Es ist mittlerweile schon mehr als 20 Jahre her, seit ich Spiele auf der Sega Dreamcast gespielt habe. Mein absoluter Favorit war damals Metropolis Street Racer, aber auch Sonic durfte auf der Konsole aus Japan natürlich nicht fehlen. Die Zeiten sind natürlich längst vorbei, Sonic ist trotzdem noch da – und er meldet sich jetzt auf Apple Arcade zurück.

In Sonic Dream Team (App Store-Link), das ab sofort auf iPhone, iPad, Mac und Apple TV gespielt werden kann, bringt der blaue Igel sogar seine Freunde mit. Gespielt werden kann unter anderem mit Amy oder Mails, aber auch mit Knuckles und Rogue. Aber dazu später mehr.

Auch der Bösewicht Dr. Eggman darf nicht fehlen

Auch der Ober-Bösewicht darf nicht fehlen – und das ist natürlich Dr. Eggman. Der hat ein uraltes Artefakt entdeckt, das die Macht hat, Träume in der realen Welt wahr werden zu lassen. Nun ist es eure Aufgabe, zusammen mit Sonic alle Freunde zu retten und Dr. Eggmans Streben nach Weltherrschaft ein Ende setzen.

In wirklich bunt und abwechslungsreich gestalteten 3D-Welten läuft man mit Sonic durch die Gegend, schaltet Gegner aus und sammelt Ringe ein. In erster Linie muss in jedem Level eine kleine Aufgabe erfüllt werden, etwa bestimmte Objekte einzusammeln oder Checkpoints in einer vorgegebenen Zeit zu durchlaufen. Prinzipiell kann man sich aber auch frei in der Welt bewegen und einige Bonus-Gegenstände entdecken.

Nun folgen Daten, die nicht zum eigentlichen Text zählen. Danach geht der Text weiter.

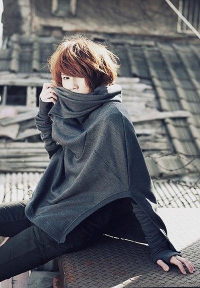 With a large hood. This loose sweater is often made of cotton and is called a sweatshirt or a hoodie. The large size of the hood makes such clothes comfortable and attractive.
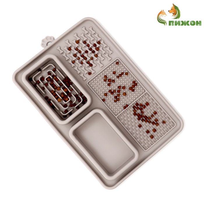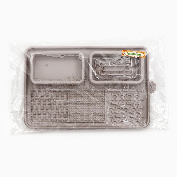 Коврик для лизания на присосках с мисками 30 х 20 см, серый
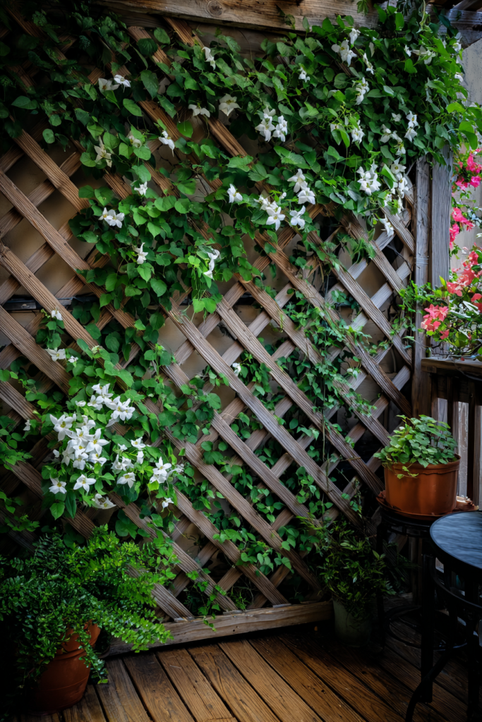 I installed a simple wooden trellis and trained jasmine up it. Took about four months before it really filled in, but now? Totally worth the wait.
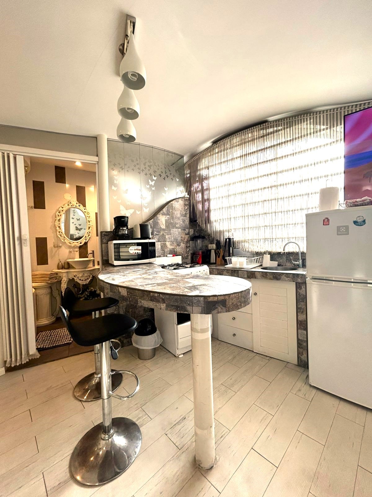 CÉNTRICO ESTUDIO DE 26 m2 CON UBICACION Y VISTA PRIVILEGIADA AL JARDIN BOTANICO DE TACNA, a pasos de lugares de interés de Tacna, cuenta con kitchenette con electrodomesticos, frigobar, mesa comedor, cama Queen, TV 43" con canales de cable, servicio higiénico privado equipado con tocador y ducha con hidromasaje. También cuenta con lavandería y tendal propio, armario, WIFI, caja de seguridad. Propiedad ubicada en quinto piso, con acceso independiente solo por escaleras amplias y con pasamanos.
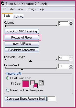 25 - Activer le calque 3 Effets/filtre xenofex/puzzle clic sur "Restore all piece" clic sur "Randomize Connectors"
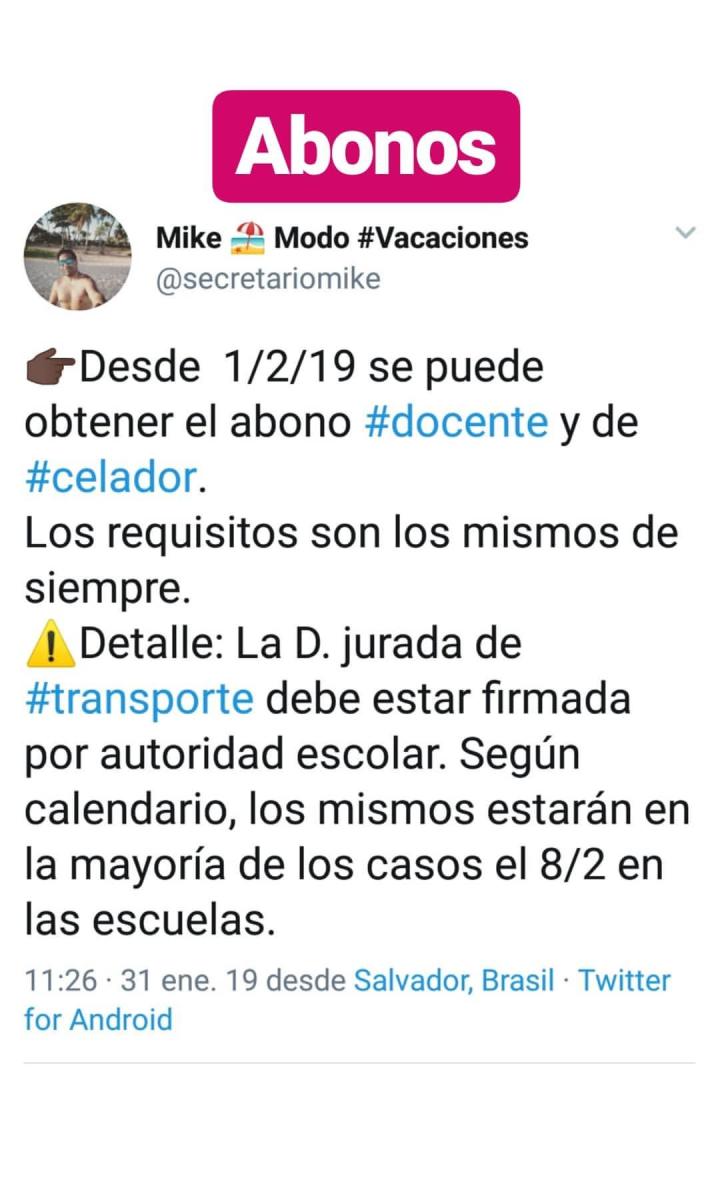 La Secretaría de Servicios Públicos de Mendoza ha informado la extensión de pases gratuitos de docentes y celadores del transporte urbano, media y larga distancia, a partir del 01 de febrero de 2019.
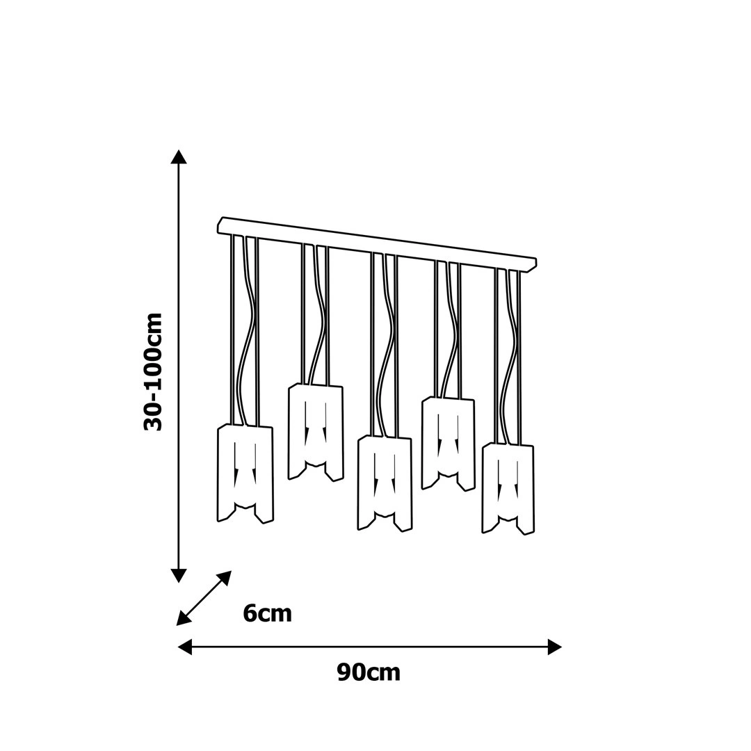 Lampy z kolekcji VINCENZO wykonano z połączenia dwóch materiałów. Podstawy lamp, zwisy czy ramy zrobiono z czarnego metalu, a części pełniące funkcję żyrandola z jasnego drewna. Warto wspomnieć, że to one dodają niezwykłego charakteru całości. Mają bowiem formę otwartego prostokąta, przy czym dwa boki zostały ścięte, co nadaje całości asymetrycznego charakteru. Taka konstrukcja doskonale eksponuje dekoracyjną żarówkę.
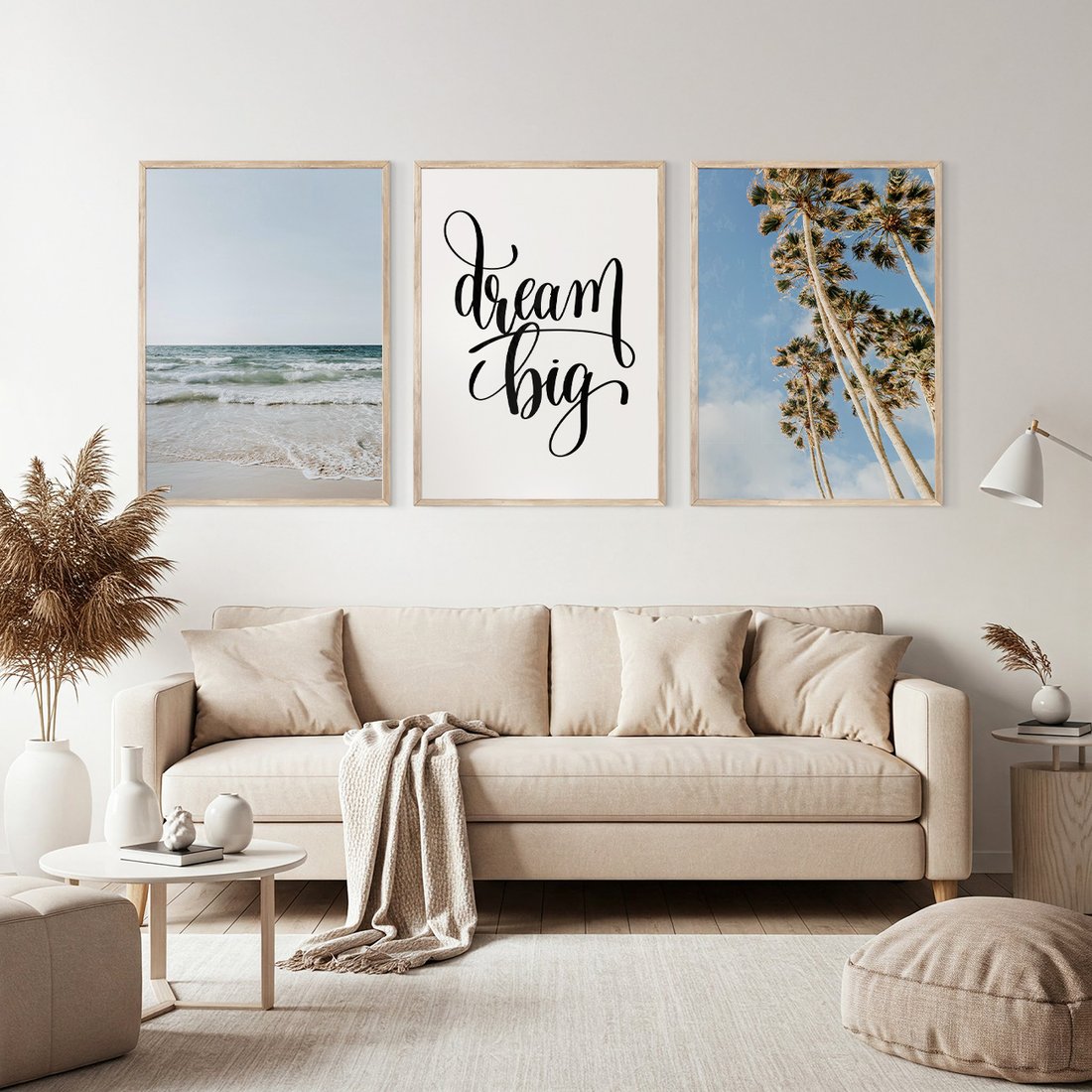 Przenieś piękno sztuki do swojego domu dzięki naszemu starannie skomponowanemu produktowi zestaw obrazów plaża,palmy,morze. Każdy plakat, oprawiony w elegancką ramę, łączy w sobie estetykę i trwałość. Uniwersalne wzornictwo sprawia, że te dekoracje ścienne doskonale komponują się z różnymi stylami wnętrz, od nowoczesnych po klasyczne. Łatwość montażu pozwala na szybką i bezproblemową metamorfozę Twojej przestrzeni. To również idealny pomysł na wyszukany prezent, który z pewnością zachwyci.
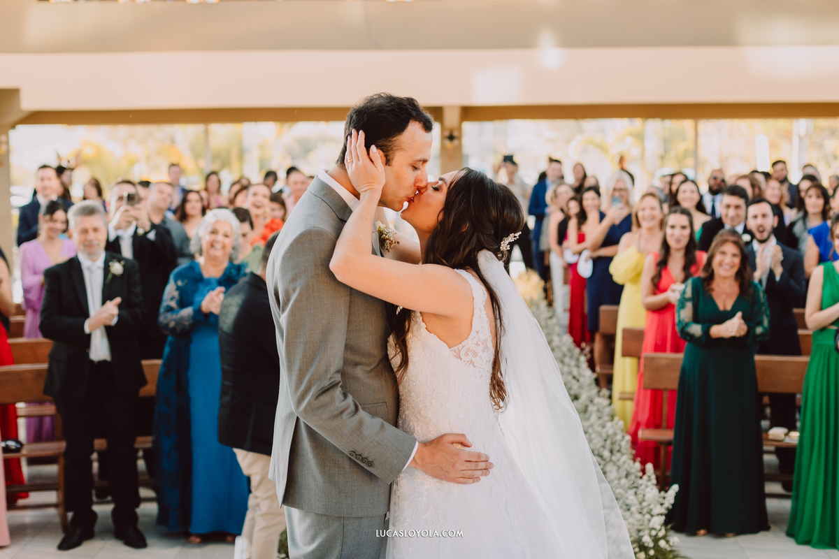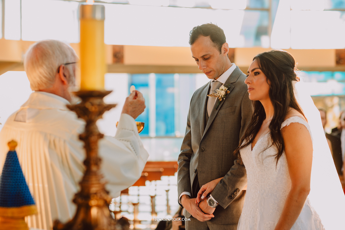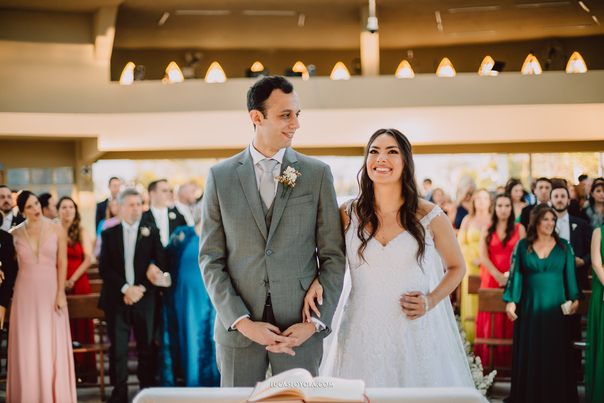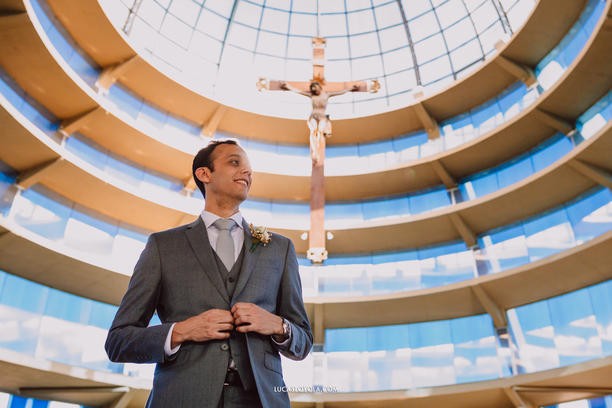 O estilo escolhido pelo casal foi clássico, com um toque de elegância que combina perfeitamente com eles. Mas aqui está o detalhe especial que fez esse casamento único: a cerimônia aconteceu em uma igreja redonda, toda cercada de vidros. A luz do dia criou uma atmosfera mágica.

Langweilig wird es dabei so schnell nicht. Es gibt Rampen, Sprungbretter, etliche Gegner oder Röhren, auf denen man laufen kann. Einige Stellen der Level kann man auch nur erreichen, wenn man es später mit einem von Sonics Freunden noch einmal versucht. Schließlich können Tails und Cream fliegen und Knuckles und Rogue Wände nach oben klettern.

Sonic Dream Team mit Controller oder Touch?

Gesteuert wird Sonic Dream Team dabei wie folgt: Mit dem linken Daumen bewegt man einen virtuellen Joysticks, um den Charakter in die gewünschte Richtung laufen zu lassen. Rechts gibt es virtuelle Buttons zum Springen oder Angreifen und für den Boost. Zudem kann man sich Umsehen und die Kamera-Perspektive ändern, indem man einfach über den Bildschirm wischt.

Die Touch-Steuerung ist aus meiner Sicht solide umgesetzt, Sonic Dream Team kann durchaus so gespielt werden. Gerade in hektischen Situationen kann es aber eben auch mal vorkommen, dass man einen virtuellen Button nicht sofort trifft – und dann kann es schon zu spät sein. Solltet ihr einen Controller am Start haben, macht Sonic Dream Team damit auf jeden Fall noch etwas mehr Spaß.

Kritik habe ich im Netz rund um die Spieldauer wahrgenommen. Diese soll nur bei einigen wenigen Stunden liegen – gerade wenn Sonic Dream Team anfängt so richtig Spaß zu machen, soll es schon wieder vorbei sein. Von einem Spiel dieser Art auf Apple Arcade erwarte ich persönlich ohnehin nicht unbedingt mindestens zehn Stunden Spielspaß – und wer weiß, vielleicht legen die Entwickler ja noch mal ein paar Level nach.